General characteristics
- Type: Ship's tender
- Displacement: 7.8 tons
- Length: 36 ft (11 m)
- Beam: 7 ft 9 in (2.36 m)
- Draft: 2 ft 6 in (0.76 m)
- Speed: 10 knots

= USS Resolute (SP-3003) =

Tender of the United States Navy

Note: This ship should not be confused with the third or fourth , which were in commission at the same time.

The fifth USS Resolute (SP-3003), also referred to by the designation ID-3003, was a motorboat that entered service in the United States Navy as a ship's tender in 1918.

Resolute was built as a private motorboat during 1913 at the yard of Robert Jacob at City Island, New York. The U.S. Navy acquired her on 21 January 1918 from her owner, George A. Cormack of New York City, for use during World War I, placing her in service as USS Resolute, designated either SP-3003 or ID-3003, the difference in reported designation occurring perhaps because the U.S. Navy sometimes used the "SP" and "Id. No." designations interchangeably for civilian vessels procured for World War I service.

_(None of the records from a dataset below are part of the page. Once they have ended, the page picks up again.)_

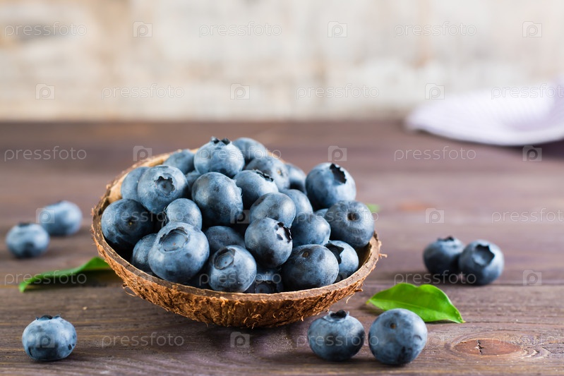 Свежая черника в миске на деревянном столе. Органический дикий суперфуд
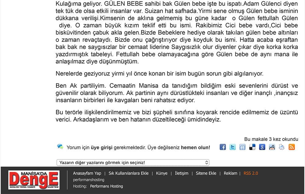 Köşe yazısının yayımlanmasından hemen sonra ise Denge Gazetesi ARif Bakkaloğlu'nun Cemaati öven köşe yazısını kaldırarak başka bir köşe yazısını yayıma verdi.
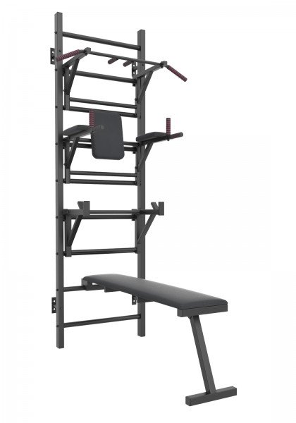 Комплектация: Шведская стенка + фиксированный турник + брусья с подлокотниками и спинкой, скамья для жима, упоры для штанги
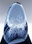 Větší masivní skleněný objekt, oválný blok akvamarínového skla, který je zušlechtěný bravurní hlubokou rytinou s motivem "Mořský svět". Na jedné ploše je dekor mořských rostlin a na druhé plejáda mořských živočichů: koník, chobotnice, hvězdice a hejno ryb. Jedná se pravděpodobně o produkci sklárny Moser Karlovy Vary ze 70tých let. Dobrý stav, rozměr v. 26 x 17 x 6cm, hmot. 3,5kg
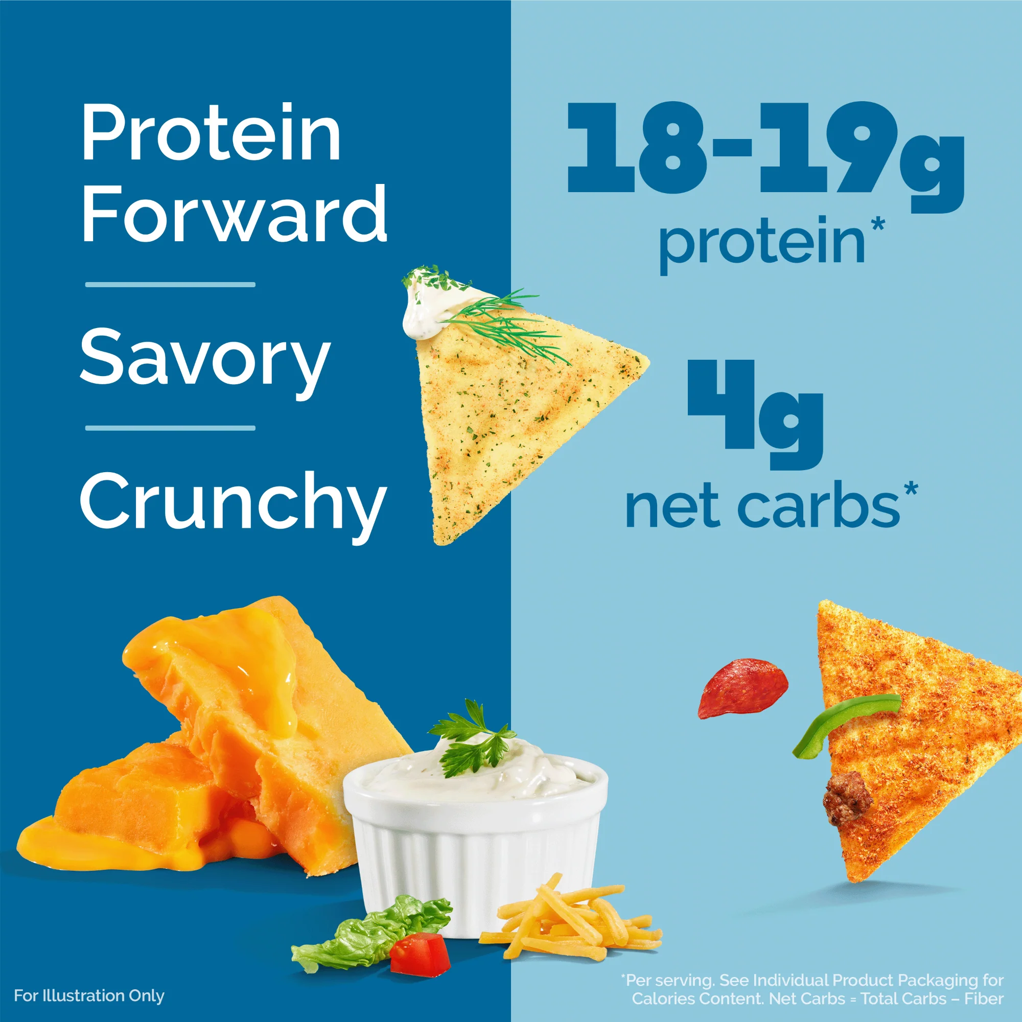 - PROTEIN FORWARD. 18-19g of protein and 4g of net carbs*. They’re the wonderfully crunchy, easy-breezy cheat to support your protein goals while living the tortilla style chip dream.
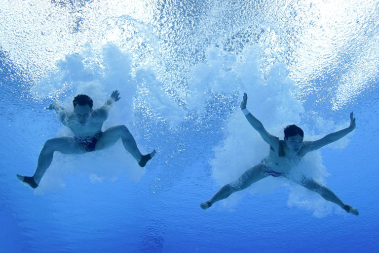 Čínski víťazi zlatej medaily Wang Zongyuan a Xie Siyi v disciplíne synchronizovaný 3-metrový odrazový mostík na letnej olympiáde v Tokiu. Tokio, 28. júl 2021. Foto: SITA/AP
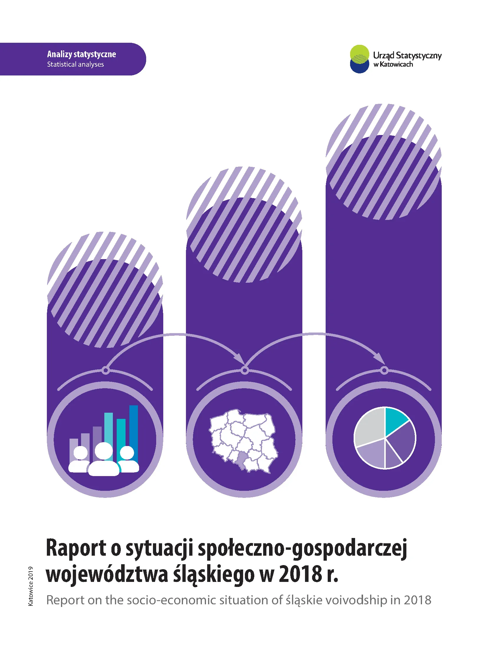 Publication presents an analysis of occurrences relevant from the point of view of socio-economic development of Śląskie Voivodship concerning i.a. demography, labour market, wages and salaries, social benefits, prices, industry, construction, agriculture, internal market, financial results of non-financial enterprises. Each of the 14 thematic chapters includes a concise, analytic commentary enriched with tabular and graphic form of data presentation in the extended retrospection 2010-2018. Selected categories are presented in dynamic terms and in relation to the country. Some data are presented in the breakdown by subregions and powiats for a more complete illustration of territorial differentiation. What is more, Śląskie Voivodship is presented on the background of the country and on the background of other voivodships. At the beginning of the publication, basic tendencies in social and economic areas are described. The entire publication is completed by the general notes at the end. The Annex to the Report is composed of review tables presenting selected information on Śląskie Voivodship in 2005, 2010 and 2012-2018 and selected data by months of 2017 and 2018.

Resolute served her entire U.S. Navy career as a ship's tender for the transport USS Mount Vernon (ID-4508), and was carried aboard Mount Vernon for use at Mount Vernons various ports of call.

Records of Resolutes career otherwise are lacking. Mount Vernon was decommissioned in September 1919, and it is likely that Resolute was disposed of, perhaps by sale, around that time.